WORK TASK. Your job is to retype all of the data word for word, leaving every image out.

MATERIAL PROVIDED.
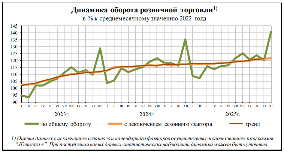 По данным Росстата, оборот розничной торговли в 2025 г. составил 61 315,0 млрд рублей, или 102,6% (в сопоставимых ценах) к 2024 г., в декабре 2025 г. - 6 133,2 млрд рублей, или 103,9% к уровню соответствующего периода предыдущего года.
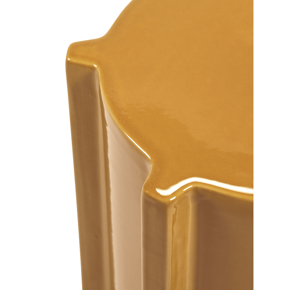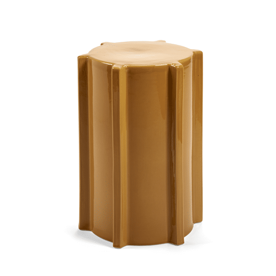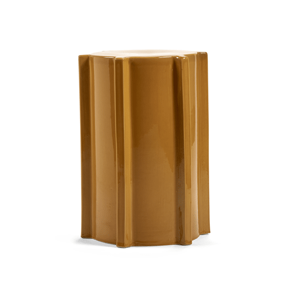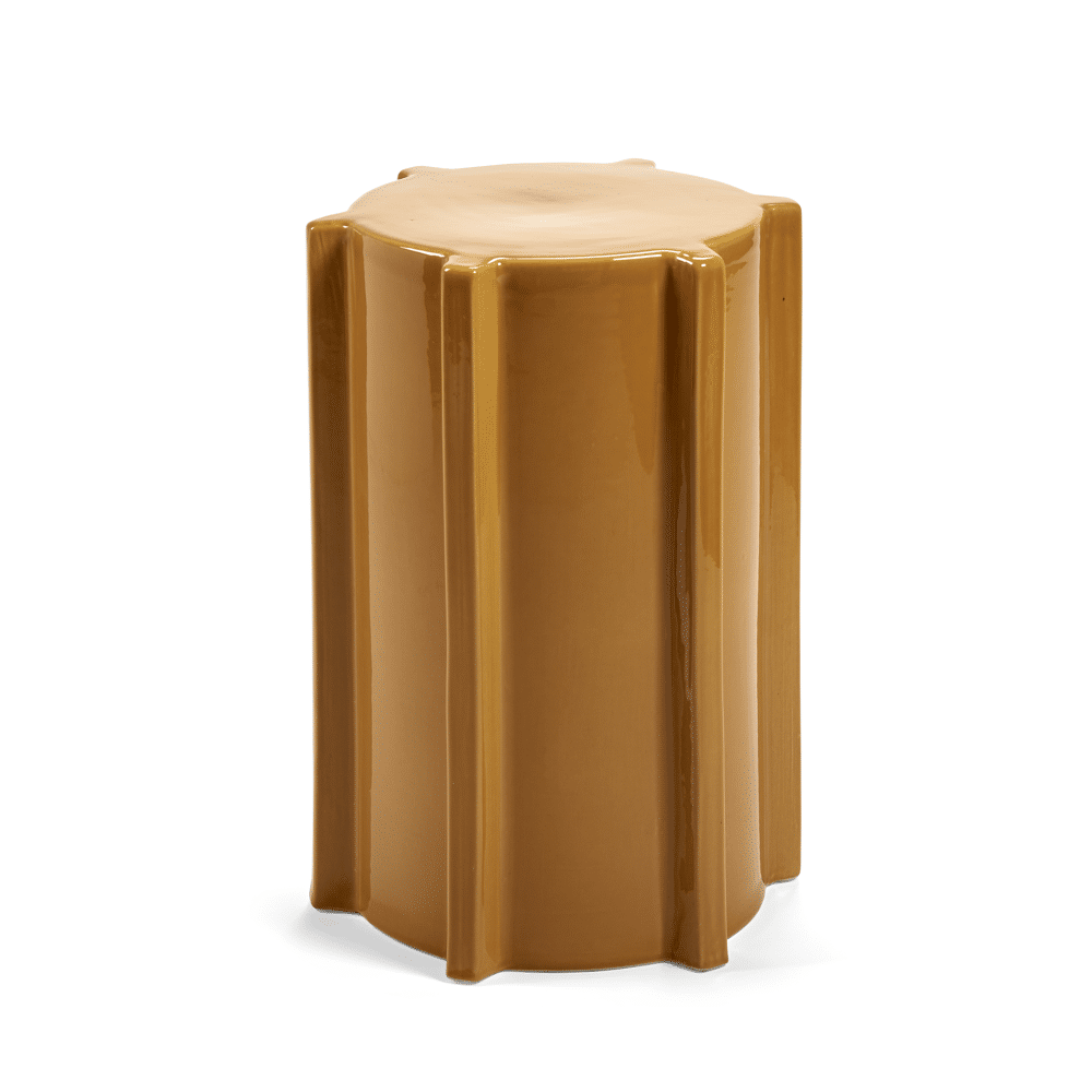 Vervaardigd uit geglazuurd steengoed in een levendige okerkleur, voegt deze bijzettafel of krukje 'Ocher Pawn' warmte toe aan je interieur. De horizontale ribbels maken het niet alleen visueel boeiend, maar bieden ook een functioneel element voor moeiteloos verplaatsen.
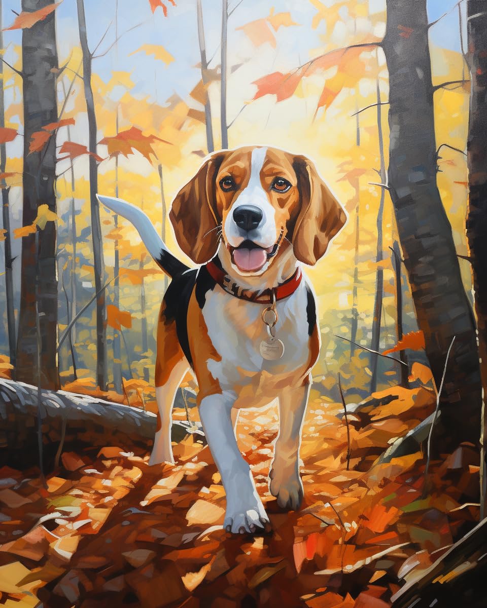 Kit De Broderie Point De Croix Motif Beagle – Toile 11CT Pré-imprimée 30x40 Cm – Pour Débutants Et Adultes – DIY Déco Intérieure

SOLUTION TO THIS TASK.
 По данным Росстата, оборот розничной торговли в 2025 г. составил 61 315,0 млрд рублей, или 102,6% (в сопоставимых ценах) к 2024 г., в декабре 2025 г. - 6 133,2 млрд рублей, или 103,9% к уровню соответствующего периода предыдущего года.
 Vervaardigd uit geglazuurd steengoed in een levendige okerkleur, voegt deze bijzettafel of krukje 'Ocher Pawn' warmte toe aan je interieur. De horizontale ribbels maken het niet alleen visueel boeiend, maar bieden ook een functioneel element voor moeiteloos verplaatsen.
 Kit De Broderie Point De Croix Motif Beagle – Toile 11CT Pré-imprimée 30x40 Cm – Pour Débutants Et Adultes – DIY Déco Intérieure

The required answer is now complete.